# Assignment:
What you should repeat is the run of lines from the top of the listing below through the line with "Each dial is", exactly, with no pictures.
═════ Data
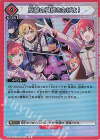 『BP3000以下』の相手のフロントLのキャラを1枚選び、退場させる。自分の場に異なるカード名を持つ[特徴:放課後クライマックスガールズ]が3種類以上ある場合、『BP5000以下』に代わる。
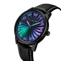 Each dial is hand-finished with chameleon pigments, creating luminous color shifts across the curved blades
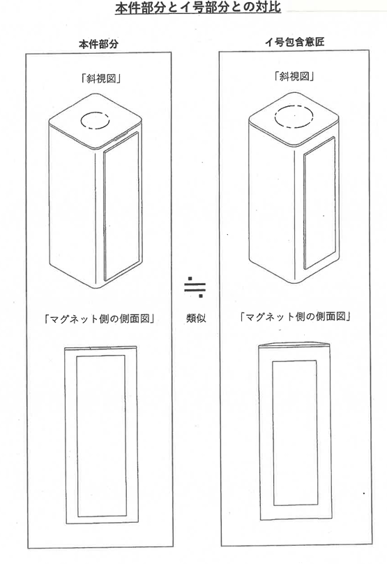 (要旨)本件意匠に係る商品の使用態様は壁面に取り付けた状態で使用することもできるというものであり、そのため本件意匠に係る商品の需要者は壁面取付け時に壁面取付けのために機能するマグネットを含めた容器の背面(壁取付面)の具体的な形状に最も注意を惹かれるものと認められることからすると、その使用態様が本件意匠に係る商品と同様である被告商品においても、需要者は、壁面取付け時に壁面取付けのために機能する部材であるところの背面部の縦長長方形のマグネットとその上端及び下端に設けられた横長棒状の防滑シートで画された部分に最も注意を惹かれるものと認められる。そして、マグネットと防滑シートは、部材が違うけれども、いずれも黒っぽい色であって周囲が突出した枠で囲まれているため、需要者は通常上記両部材を一体のものとして観察するのが自然と解されるから、被告意匠の背面部における本件意匠の背面部(右側面図)において意匠登録を受けようとする部分に相当する部分は、縦長長方形のマグネットとその上端及び下端に設けられた横長棒状の防滑シートで画された部分(原判決別紙乙4意匠(図面)の背面図において部分意匠として意匠登録を受けようとする部分参照)とするのが相当である。そうすると、本件意匠と被告意匠を対比する際に防滑シートは本件意匠の権利範囲外に設けられたもので比較する必要がなく、類比判断に影響しないとする一審原告の上記主張は、本件意匠との対比に必要な被告意匠の構成の一部を恣意的に除外しようとするものであって採用できないというべきである。
══════════
# Solution for this problem:
 『BP3000以下』の相手のフロントLのキャラを1枚選び、退場させる。自分の場に異なるカード名を持つ[特徴:放課後クライマックスガールズ]が3種類以上ある場合、『BP5000以下』に代わる。
 Each dial is hand-finished with chameleon pigments, creating luminous color shifts across the curved blades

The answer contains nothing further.